Frequently Asked Questions
What are the four types of Node.js streams?
Node.js has four fundamental stream types: Readable (source of data, e.g., fs.createReadStream), Writable (destination for data, e.g., fs.createWriteStream), Transform (modifies data as it passes through, e.g., zlib.createGzip), and Duplex (both readable and writable independently, e.g., net.Socket). There is also PassThrough, a trivial Transform that passes data unchanged.
What is backpressure and how do you handle it?
Backpressure occurs when a writable stream cannot process data as fast as it receives it. When write() returns false, you must pause writing and wait for the drain event. pipe() and pipeline() handle backpressure automatically. Ignoring backpressure leads to excessive memory usage and potential crashes.
What is the difference between pipe() and pipeline()?

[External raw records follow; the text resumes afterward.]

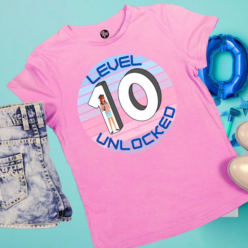 Level up in style! Our Level Ten Unlocked Tenth Birthday T-Shirt for Girls is the perfect trendy addition to your little one's birthday wardrobe. Featuring the cool "level unlocked" graphic, it's the perfect way to celebrate achieving double digits in style! Reach new heights in fashion with this one-of-a-kind outfit! 🎉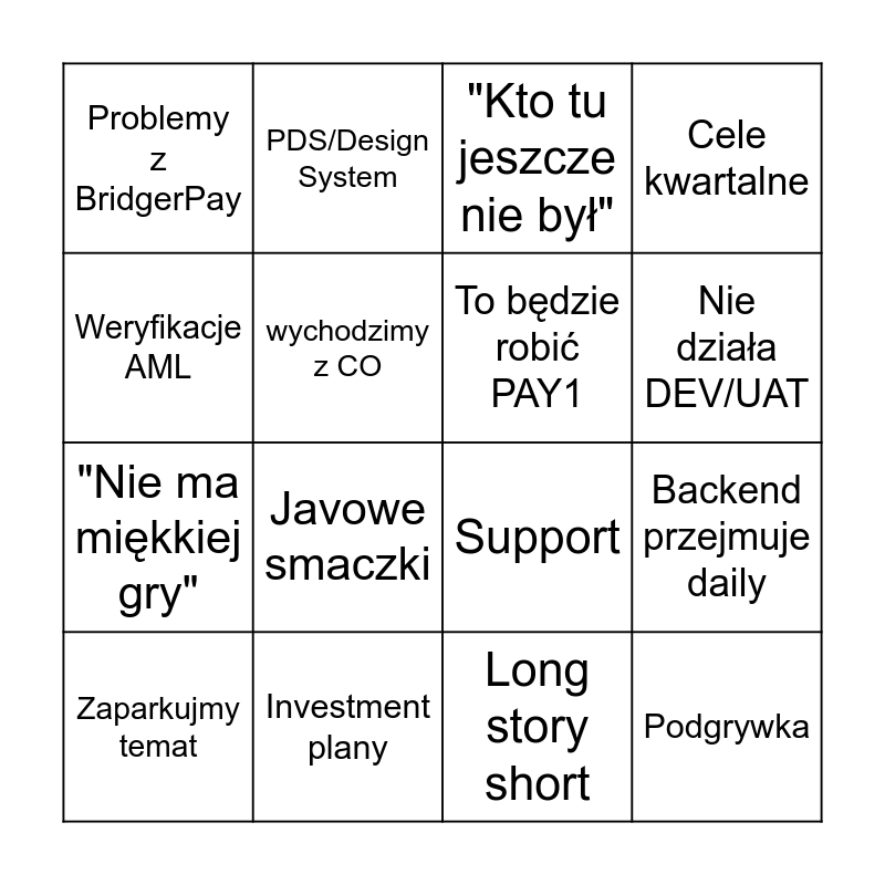 This bingo card has 16 words: Investment plany, Backend przejmuje daily, "Kto tu jeszcze nie był", Problemy z BridgerPay, "Nie ma miękkiej gry", PDS/Design System, Support, Long story short, Weryfikacje AML, wychodzimy z CO, Zaparkujmy temat, Cele kwartalne, Javowe smaczki, Nie działa DEV/UAT, To będzie robić PAY1 and Podgrywka.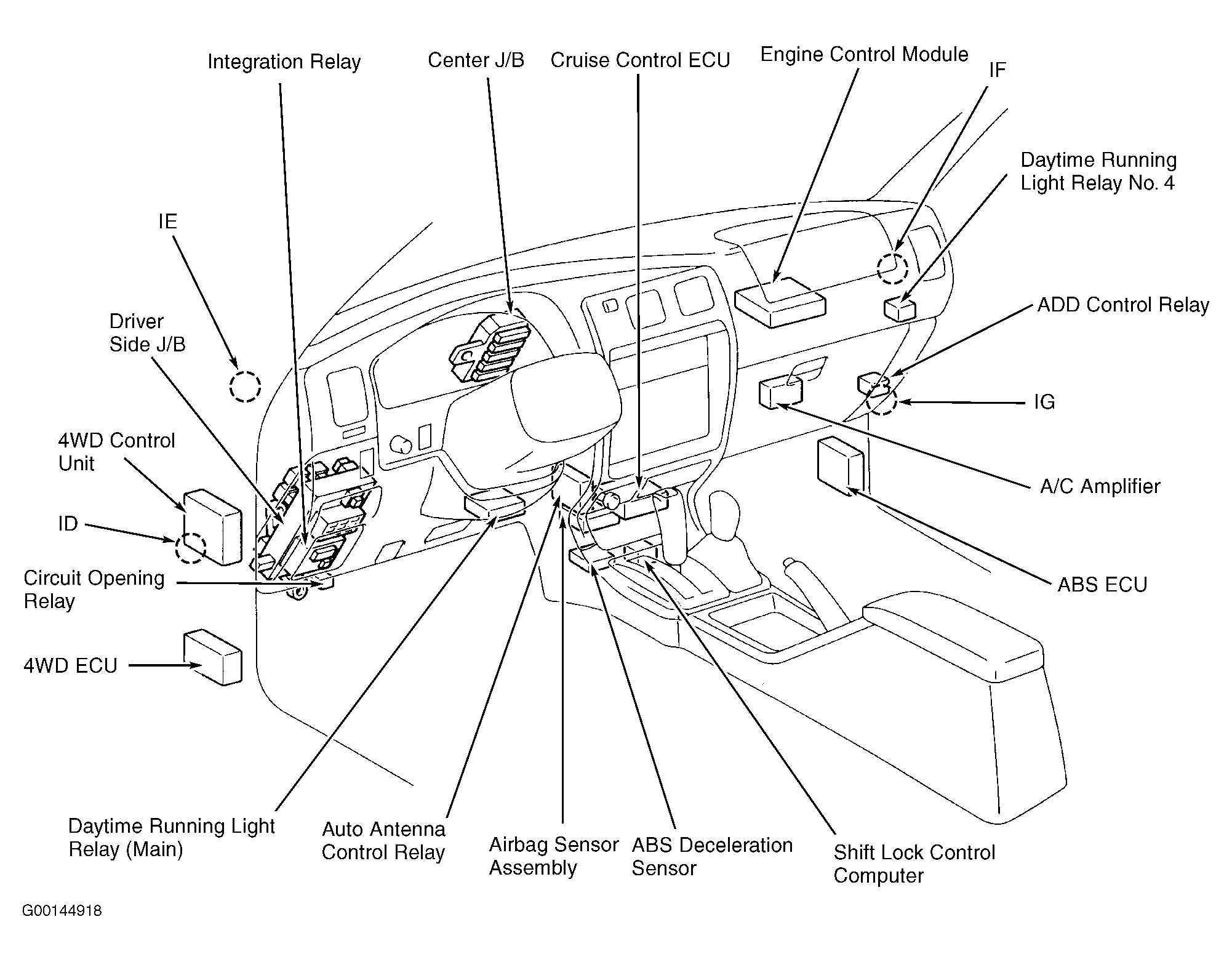 | Shift Lock Control Computer | Under center of dash, near front of center console. See Figure. |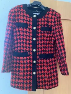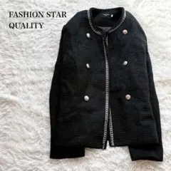ヴィンテージ】ツイード素材 フリンジデザイン 金ボタン ノーカラージャケット M

pipe() chains streams but does not propagate errors or clean up resources. If a mid-chain stream errors, the source keeps reading and may leak memory. pipeline() propagates errors to all streams, destroys all streams on error, and supports a callback or promise for completion. Always prefer pipeline() in production code.
How do async iterators work with streams?
Readable streams implement the async iterable protocol, so you can consume them with for await...of loops. Backpressure is handled automatically, and the stream is destroyed when the loop exits via break or throw.
What is object mode in Node.js streams?
By default, streams operate on Buffer or string data. Object mode (objectMode: true) allows streams to process any JavaScript value. The highWaterMark counts objects rather than bytes. Useful for parsed JSON records, database rows, or CSV lines.
How do you stream large files without running out of memory?
Use fs.createReadStream() to read the file in chunks and pipe it to a writable destination via pipeline(). Memory usage stays constant regardless of file size. Never use readFileSync() or readFile() for large files.
How do you handle errors in stream pipelines?
Use the pipeline() function which propagates errors to all streams and calls a single callback on completion or error. With the promise version (from stream/promises), wrap it in try/catch. Always handle stream errors to prevent unhandled exceptions from crashing the process.
What is the Web Streams API and how does it differ?
The Web Streams API is the WHATWG standard available in browsers, Deno, Workers, and Node.js. Node streams are more feature-rich with pipe(), pipeline(), and better backpressure. Web Streams are more portable. Node.js provides Readable.toWeb() and Readable.fromWeb() for conversion.